On May 1, Judge Kenneth Freeman overturned $6.5 million dollar jury verdict (entered on April 26) for plaintiff Jack Cooper in Cooper vs. Takeda  (Cooper v. Takeda Pharmaceuticals America Inc., CGC-12-518535, California Superior Court, Los Angeles). Freeman granted two key Takeda’s motions which lead to his reversal.

Freeman granted Takeda’s motion to exclude the opinions of Dr. Norm Smith, the plaintiff’s causation expert who had hypothesized that Actos was a substantial causal factor in Mr.
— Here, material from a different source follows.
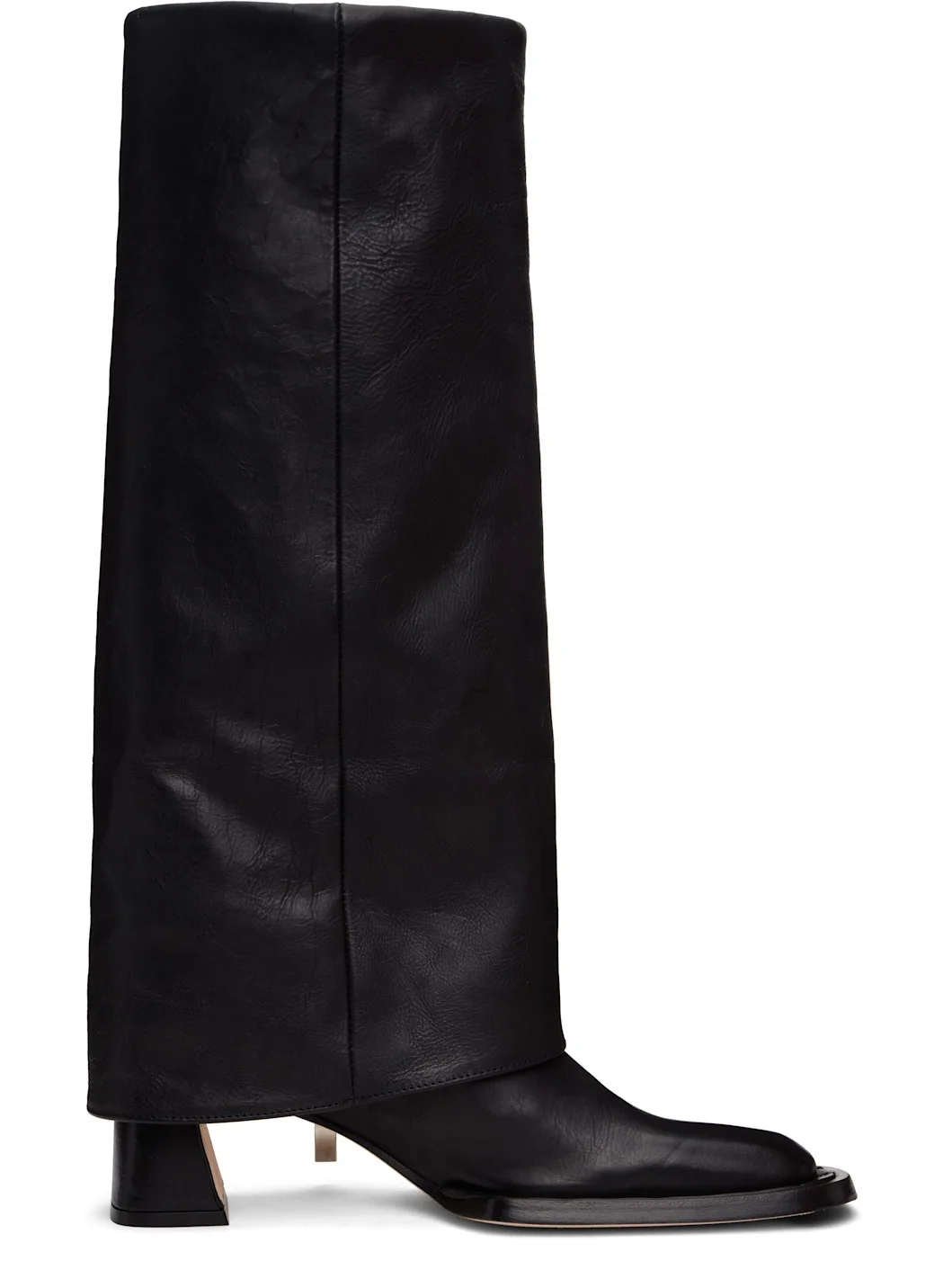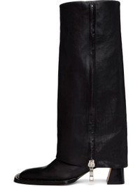 Knee-high grained leather boots in black. · Square toe · Foldover collar · Zip closure at inner side · Studs at welt · Covered block heel · Suede sole with rubber injection · Silver-tone hardware · Heel: H2.25" Supplier color: Black Upper: leather. Sole: leather, rubber. Made in Spain 242877F115017

Cooper’s bladder cancer.  Granting that motion meant that no opinion supported the cancer causation finding; so the judge then granted Takeda’s motion for non suit, which threw out the verdict.

Judge Freeman dismissed Dr. Smith’s work thusly:

“[I]t is evident to the Court that the matter in which Dr. Smith conducted his differential diagnosis is based on speculation, is not reliable, not done with intellectual rigor expected of an expert, and is therefore inadmissible under prevailing California law.”
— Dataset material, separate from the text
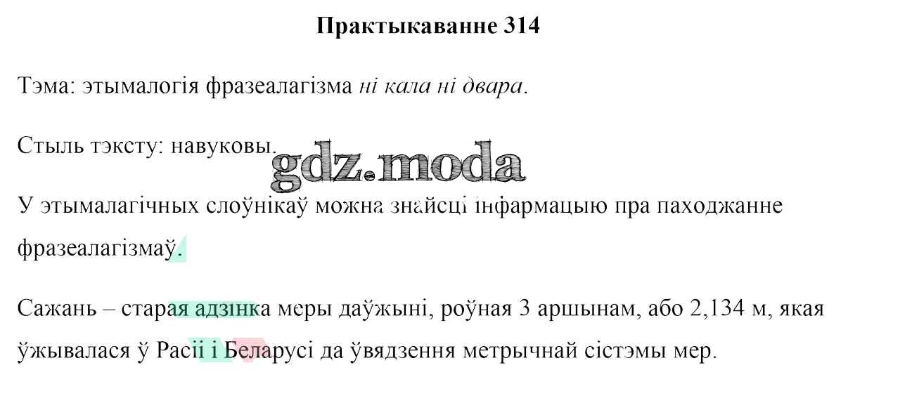 ГДЗ решение к заданию № 314 Белоруская мова 7 класс Валочка Г. М. Национальный институт образования 2020 ФГОС бесплатно на гдз.мода!

Absent Dr. Smith’s opinion that Actos specifically caused Mr. Cooper’s bladder cancer, there was no other evidence, according to Judge Freeman, to support the jury’s verdict against Takeda; therefore Freeman granted a non suit.

Mr. Cooper’s lawyers will appeal Freeman’s decision to an appellate court. One can only wonder how Judge Freeman could dismiss the jury verdict on an apparent technicality.  The jury had six weeks to look at all the evidence, to hear the qualifications and the testimony of Dr. Norm Smith, and to hear him cross examined for hours by Takeda defense lawyers. The jury also heard all the testimony of all the experts hired by Takeda. The jury then decided, and then Judge Freeman decided the jury couldn’t be entrusted to do the job they were chosen to do. What’s the point of having a jury trial at all if the jury’s decision can be so easily dismissed by a judge?

What is this whole decision if not complete contempt for the entire jury system? If you want to ask what’s wrong in this country, you might start by asking why it’s ok for a judge to categorically dismiss the work of an impaneled jury who have heard six weeks of testimony from both sides.